Fed moves to gut predatory lending protection

The Federal Reserve is pushing a new mortgage regulation that would effectively eliminate the most powerful federal remedy for predatory lending.

The regulation would severely limit a practice called "rescission," used to strike down demonstrably-illegal or fraudulent loan contracts and void a bank's ill-gotten gains from such predatory lending practices. When a mortgage borrower wins a rescission case in court, the bank loses the right to foreclose, and has to give up all profits from interest and fees on the loan. The borrower still has to repay the principal -- the original amount of money extended by the bank -- but can't be kicked out of the house.

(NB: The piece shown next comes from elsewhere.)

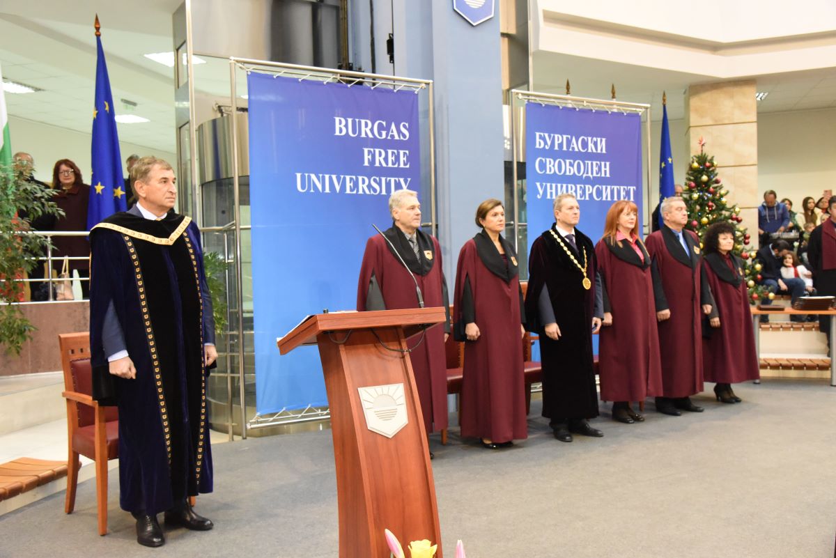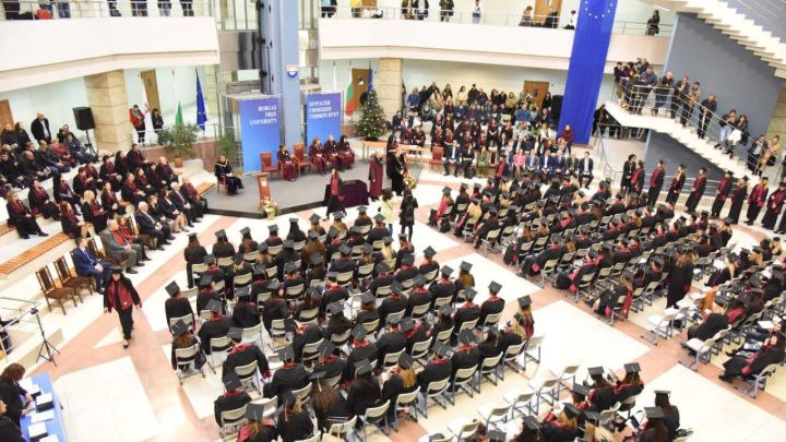 Над 300 абсолвенти от 18 бакалавърски специалности и 20 магистърски програми получиха своите дипломи за висше образование. Свидетелства за отличие и доказан стремеж за издигане авторитета на академичната общност бяха връчени на изявените абсолвенти.

Under the Fed's new proposal, however, borrowers would be required to pay off the balance of the loan before the bank loses its right to foreclose -- that means borrowers could still lose their homes, even in cases where banks have broken the law.

Unsurprisingly, banks support the move, but consumer advocates say this would essentially make rescission worthless to borrowers.

"The ... proposal would eviscerate the single most effective tool that homeowners have to stop foreclosures and avoid predatory loans," reads a letter penned by Margot Saunders of the National Consumer Law Center and signed by 16 national public interest groups, along with 33 state housing and legal aid groups and 144 individual attorneys. "Passage of the proposed rule will considerably exacerbate foreclosure statistics in this nation."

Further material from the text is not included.